Under the Visible Life was recommended to me last week. It had received a lot of praise from female readers, and my wonderful contact at Penguin, Elizabeth, thought it would be interesting to get a male take. At first I thought there wouldn't be much of a difference if the novel was a quality read: I've read books written by female authors as well as books with female protagonists--there is usually no real barrier unless the major focus on the book is femininity. 

I won't say that this is one of those cases, but the focus of the book is on strength and being a woman.  

The story told is a good one--very solid. There were no points in the novel that I felt uncomfortable, like I should really be a woman to read and love this book. I did like it very much, but I certainly think there was something lacking in my association with the characters. 

Katherine was born in Hamilton, Ontario in, I want to say, the 1940s. Her mother was white, her father Chinese. Interracial marriages were a definite no-no at this time, sadly, and her mother was arrested and institutionalized for "being incorrigible." She fought hard to get out and get her daughter back. Katherine grows up in poverty and falls in love with jazz music, becoming a very talented pianist playing in clubs underage. She goes on to marry and have three kids with T, a saxophonist who struggles with drug addiction and can't really commit to be present in Katherine and his children's lives. Katherine moves to New York with her kids to pursue her career as a jazz pianist and makes do as a single mother with very little money. 
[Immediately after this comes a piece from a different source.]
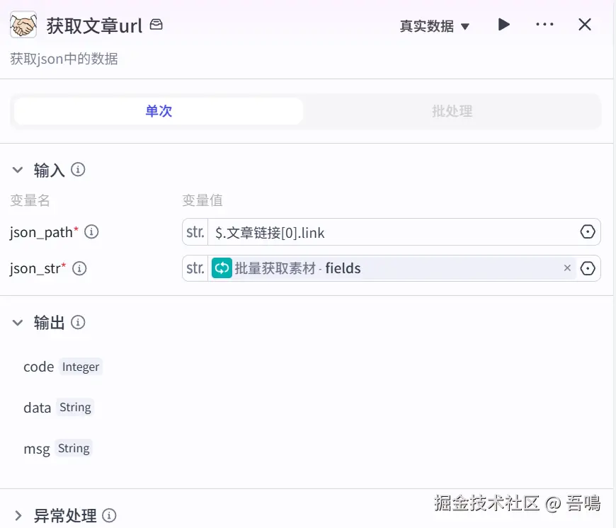 因为从飞书表格中读取出来的文章链接并非只有链接,所以这个节点的作用就是把文章的链接给提取出来,使用到了扣子三方插件【字符串工具合集】的【get_json_value】工具。
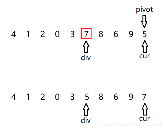 当cur指针与pivot指针相遇时,基准元素之前的序列中所有小于等于基准元素的元素全部都在大于基准元素我的元素前面,因为div指向的是第一个大于基准元素的元素,那么我们只需要交换div指向的元素与基准元素,就可以将基准元素放在比它大的元素和比它小的元素之间,第一趟排序完成。

Mahsa is a half-Afghani, half-American girl in Karachi whose parents are slain by her uncles for their family's honour. She goes on to live with her other aunt and uncle (more accepting although not the ideal family for Westerners) and learns to play the piano. She meets Kamal, loses her virginity and gets pregnant. She, being a teenager, has an abortion and never tells Kamal--who she loves--about it. She decides she wants to move to Canada--Montreal, Quebec specifically--to study (at McGill.) There, she finds a freedom she had never experienced, embraces the Jazz scene and lives a life she only dreamed of. On a visit back to Pakistan, her dreams are dashed: her passport is stolen from her and she is forced to marry Ali--a business man whom she was promised to. Ali would bring his business to Montreal and the life that Mahsa knew would be no longer. They have two children in a loveless marriage. 

Mahsa meets Katherine on a trip to New York and they become best friends. They play piano and Katherine arranges for them to record together. Ali is not happy with Mahsa's creativity and does everything he can to stifle it. He decides that Mahsa is a bad influence on her daughter, Lailani, and sends her to live with her grandparents in Pakistan. In order to get her daughter back, Mahsa agrees to comply with her husband. Of course, she doesn't really...

There is a lot of overcoming in the novel. Katherine overcomes being a woman in a male-run Jazz scene, Mahsa overcomes the constraints of her husband. The story certainly has feminist undertones--whether it is overt or not, I'm not sure. I have no problem with that, as like many males of my generation, I happen to be a feminist. 

I think Echlin's purpose was to show that the archaic views of 1940s Canada continued into the 70s and is still prevalent in some parts of the world today. It's an important message to relay, and, hopefully, it will be a very foreign one sooner than later. 

It was a good book: not great, but good. I think that anyone can read it, whether male or female. 

I do wonder, however, if I would have appreciated it more if I'd had dealt with some of the struggles of being a woman.